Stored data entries
===============

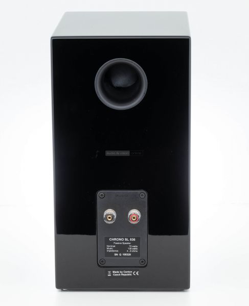A hangdoboz hátoldalán található a felső szekcióba elhelyezett reflexnyílás, valamint a szintén jó minőségű és ergonomikus, aranyozott banándugós kábelcsatlakozó terminál.
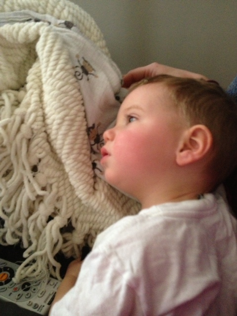 | Sleeping upright to make his earache feel better |
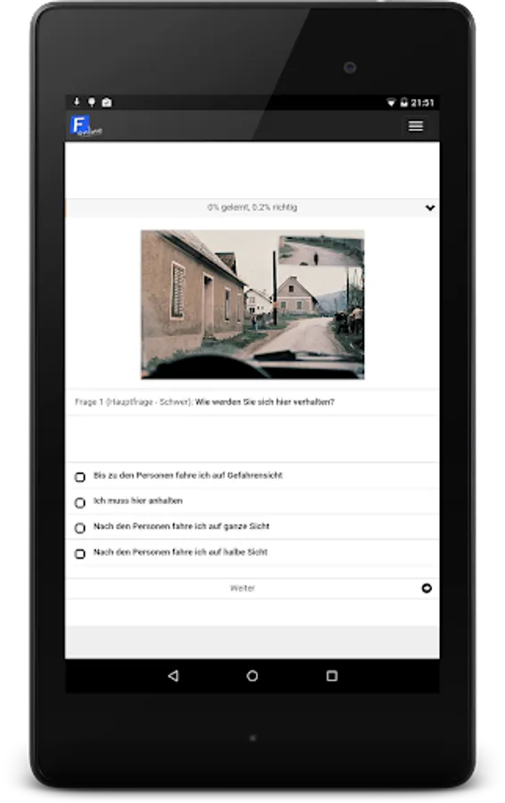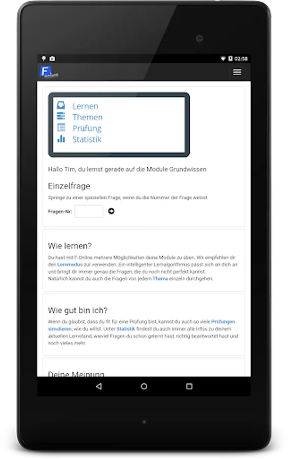 F-Online is already trusted by thousands young people in Austria, which practice over 100,000 questions per day! With this app, you have direct access to the F-Online learning portal. Whether at home or on the move, anywhere you can learn for the theoretical exam in Austria. Whether learning in the app or on the web, the learning status will automatically be synced.
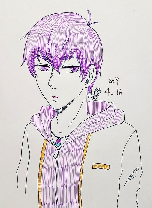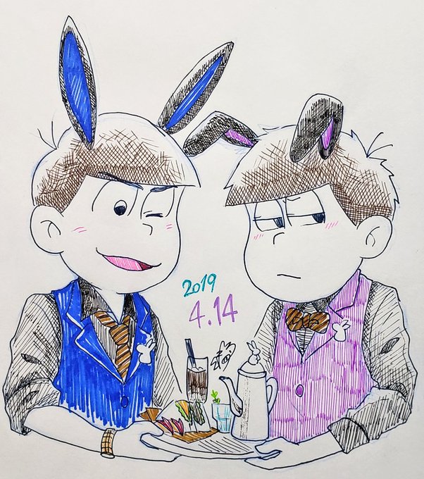 #1日1四男2019 #四男強化月間 #インク松月間 #春のペン松り かなり遅刻した🐺💦 黒兎カライチ🐰💙💜
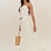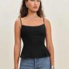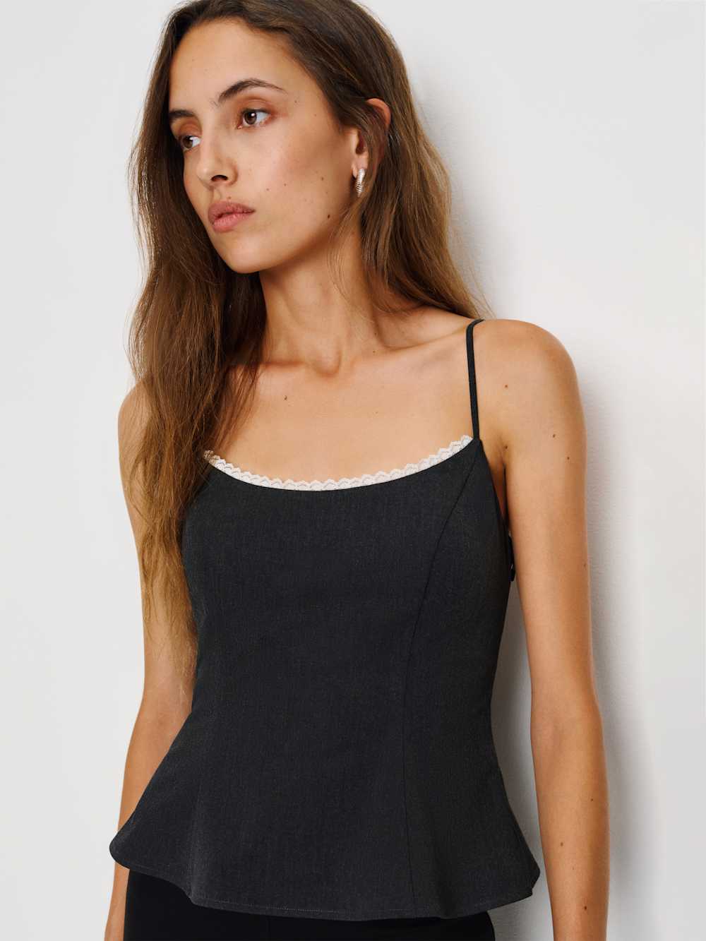 Up top. Shop the Genevieve Top from Reformation, a sleeveless top with a curved neckline, lace trim at the bust, and a peplum hem.

===============

=== Exercise objective ===
Write out, word for word, only the lines from the one containing "#1日1四男2019 #四男強化月間 #インク松月間" to the end of the data above; the pictures stay out.

=== Expected answer ===
 #1日1四男2019 #四男強化月間 #インク松月間 #春のペン松り かなり遅刻した🐺💦 黒兎カライチ🐰💙💜
 Up top. Shop the Genevieve Top from Reformation, a sleeveless top with a curved neckline, lace trim at the bust, and a peplum hem.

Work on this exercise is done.